En esta trigésima edición se superan las 120 acciones culturales repartidas entre narraciones, conciertos, instalaciones, homenajes, recitales poéticos, itinerarios por el paisaje y actividades gastronómicas vinculadas a la literatura. La Asociación Cultural para el Desarrollo y Fomento de la Lectura y el Cuento, junto al Ayuntamiento y numerosos colectivos del municipio, sostienen un programa que ya es seña de identidad de Los Silos.
Buena parte de las actividades se desarrollan en espacios de aforo limitado, por lo que es necesario adquirir entrada o retirar invitación a través de la web oficial del festival, cuentoslossilos.es, o en la Feria del Libro instalada en la villa. Esta organización permite mantener el carácter cercano e íntimo de muchas de las propuestas.

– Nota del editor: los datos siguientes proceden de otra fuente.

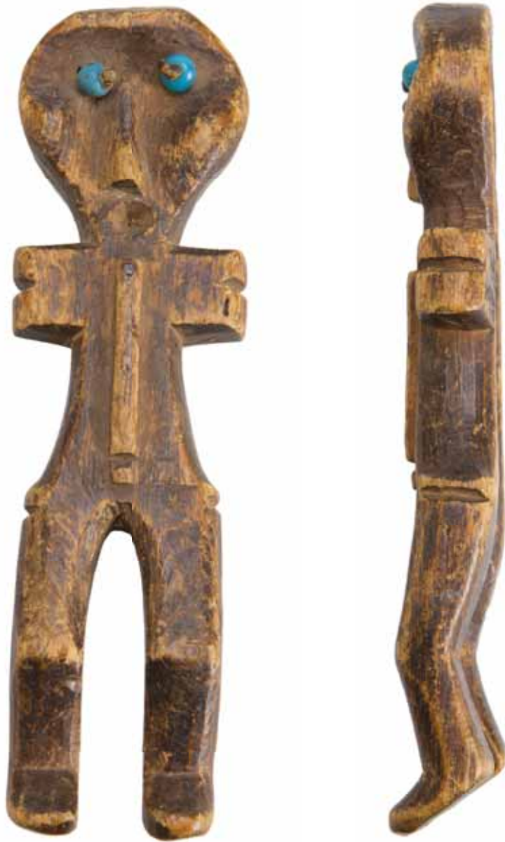
19. Spirit depiction. Wood, glass beads, skin. Relief carving, drilling. Height 20.5cm, maximum width 5.5cm. Siberia, Enisejsk Governorate (modern Krasnojarsk Kraj), Turuxansk region (modern Turuxansk district). Tungusic people (Evenkis). MAE of RAS No. 27-30/1.
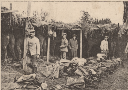
Ein improvisierter Pferdestall
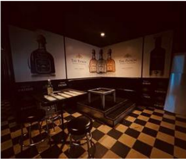
11816 Blue Ridge Blvd Bar / Lounge VIP
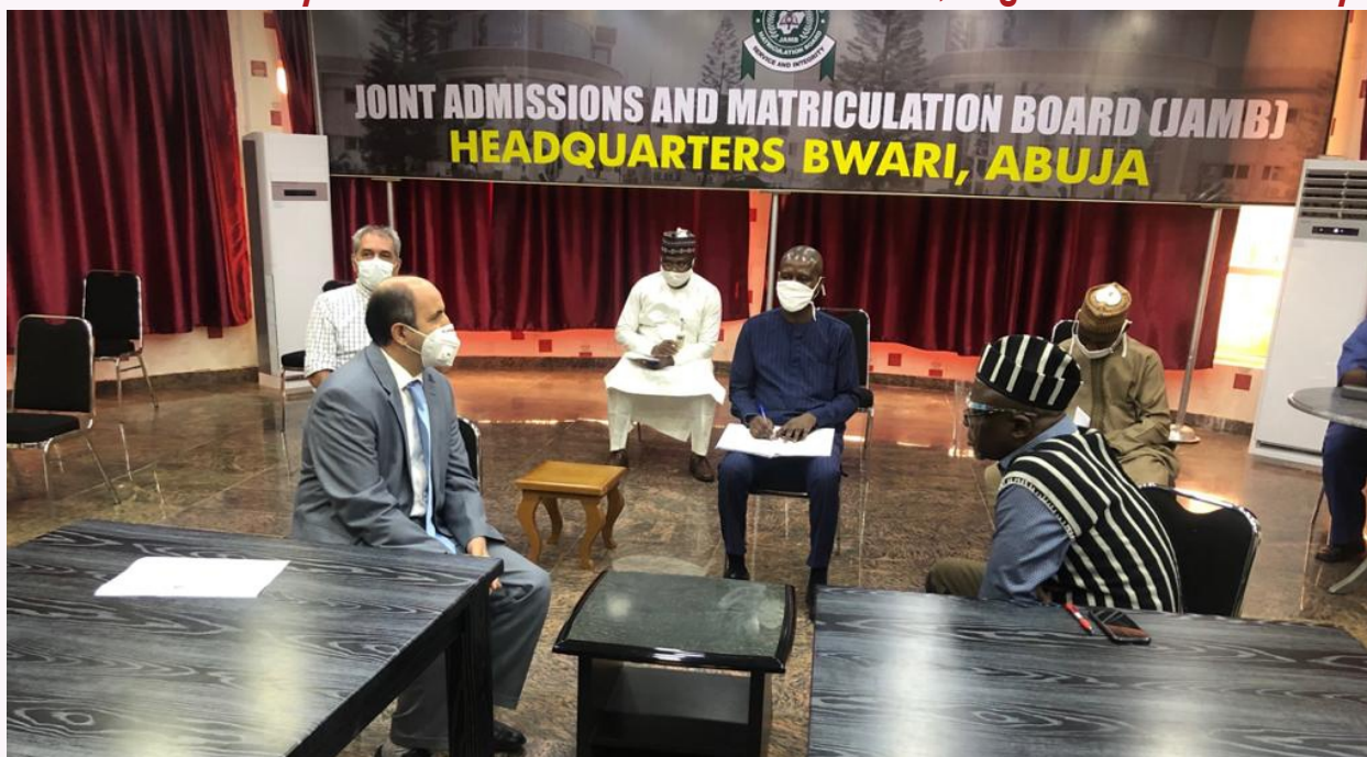
The Management of Nile University in a meeting with JAMB Management

El festival arranca con una primera jornada de nueve horas seguidas de acción literaria, artística y lúdica, que se prolongan hasta bien entrada la noche. Desde las aperturas oficiales y exposiciones hasta los paseos literarios para noctámbulos, el programa apuesta por una presencia constante de la palabra en el municipio.
Arranque de la trigésima edición y vocación social
La apertura de la programación tiene lugar en el patio del antiguo convento de San Sebastián, uno de los centros neurálgicos del festival. A las 16:00 se presenta Palabras prisioneras, una de las acciones que mejor refleja la vertiente social del evento: una experiencia literaria trabajada con internos del Centro Penitenciario Tenerife II, coordinada por el profesor de la Universidad de La Laguna Andrés González Novoa.

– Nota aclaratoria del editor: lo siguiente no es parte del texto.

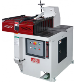
Cantek PCS-24 Cutoff Saws

Some of the machinery types available from Leadermac/Cantek:
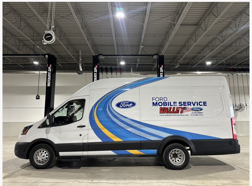
Valley Ford Pro Elite Mobile Service Van
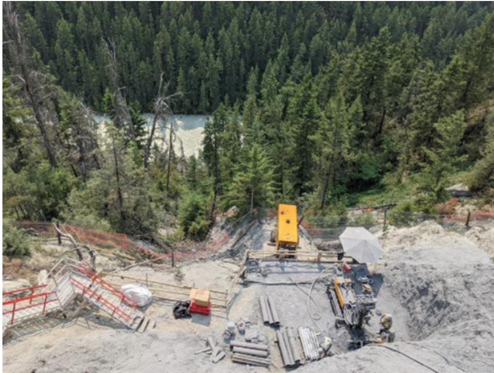
FIGURE 5: CREWS INSTALLING MICRO PILES AT SHEEP'S BRIDGE CENTER PIER - JUL 14, 2021
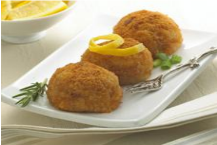
Mini Crab Cake
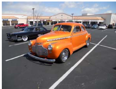
I love this color!
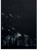
Stones and Drones III 2017, colored pencil on black Rives BFK 33 x 25 inches (framed)
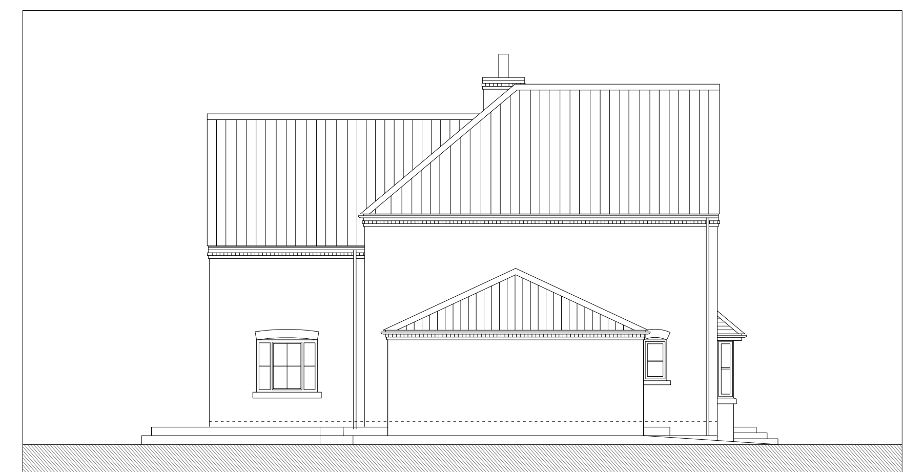
North-West Elevation 1:100
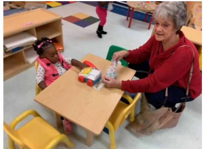
Many more visitors came to see us. We love our visitors!
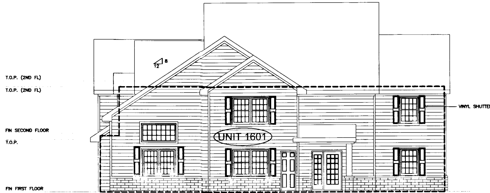
LEFT SIDE ELEVATION 1/8" = 1'-0"
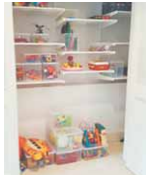
Teaching children to put away toys at the end of the day can create a peaceful environment.
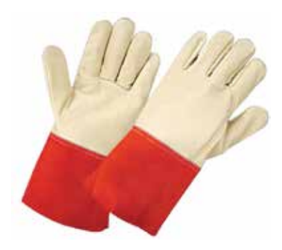
DTC-305 A Tig Welding Gloves, Goat Skin Palm Rust Color Split Leather Cuff.
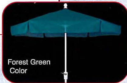
Forest Green Color
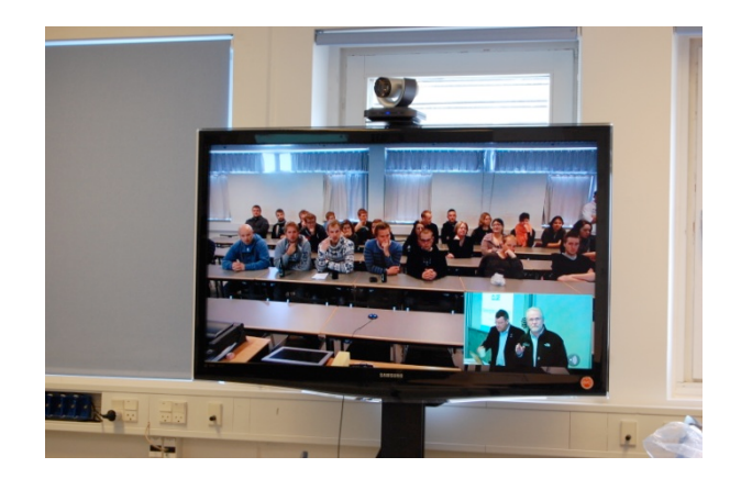
The video conference room with the Life Seize software for videoconference does not have the same quality and has only one camera and screen for every room. This limited quality sets a barrier to the flexibility and communication.

Experience has shown that this equipment has the same functionality as the PolyCom equipment concerning sound and picture quality. However, the consequence of only one camera in the set up is that a spontaneous debate between the audiences from two locations is more difficult. Experience has also shown that the Life Seize equipment is not as flexible as the PolyCom equipment concerning use for meetings and other communication activity.
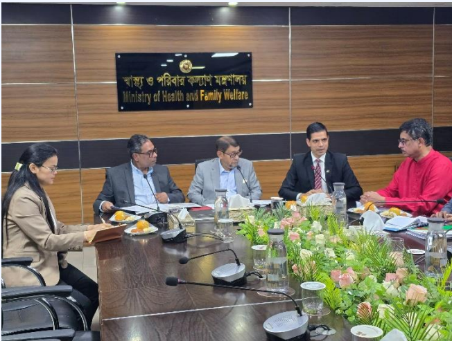
(Ambassador Mr. Bhandari during a call on the Minister and the State Minister for Health and Family Affairs)

They exchanged views on various aspects of Nepal-Bangladesh cooperation, highlighting the need for collaborative efforts in the sectors of health, medical education, and medical tourism. They also held discussion on matters concerning Nepali students studying in Bangladesh.
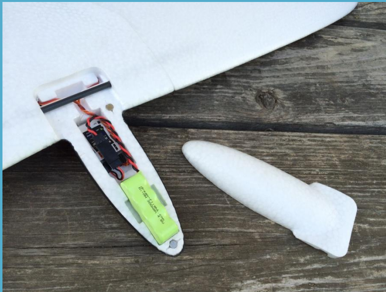
Roomy radio compartment with magnetic hatch provides easy access to your receiver and battery.
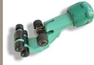
Inta Inox pipe cutter

Place the nut on the pipe and then clamp the bar leaving 3 ridges of pipe above the jaws.

Tras esta primera cita, se inaugura la exposición «Palabras ilustradas», con obra gráfica original del artista y profesor de grabado Ramón Freire, en la sala Doctor Jordán, 15. La muestra, que se integra en la narrativa del festival, sirve de marco para sesiones de cuentos en torno a la obra visual, en las que los narradores dialogan con las piezas expuestas.

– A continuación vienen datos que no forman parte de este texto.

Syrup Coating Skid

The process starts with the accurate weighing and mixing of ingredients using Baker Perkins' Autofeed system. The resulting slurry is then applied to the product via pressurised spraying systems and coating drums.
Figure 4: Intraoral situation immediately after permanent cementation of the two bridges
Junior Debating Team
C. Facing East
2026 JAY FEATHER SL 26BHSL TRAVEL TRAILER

A las 18:00 tiene lugar la apertura oficial del festival en el mismo convento de San Sebastián, con la intervención de Rodríguez Abad y la presentación del cartel a cargo de su autora, la ilustradora Francesca dell’Orto. La sesión se completa con una conferencia inaugural del escritor y académico Antonio Rodríguez Almodóvar, figura clave en la investigación de los cuentos de tradición oral en España.
La vertiente festiva y gastronómica se activa a las 20:00 con la inauguración de la zona gastronómica del festival mediante el acto Degustación de sabores y palabras. En él interviene el narrador costarricense Juan Madrigal, acompañado por asociaciones y colectivos del municipio, en una propuesta que mezcla relato, producto local y convivencia.
Ese primer día concluye pasada la medianoche con el primer paseo literario para noctámbulos, Imagen y literatura, conducido por narradores de diversos países que parten desde la escalinata de la iglesia del casco histórico a las 23:30. La mezcla de voces, acentos y miradas subraya la dimensión internacional del certamen.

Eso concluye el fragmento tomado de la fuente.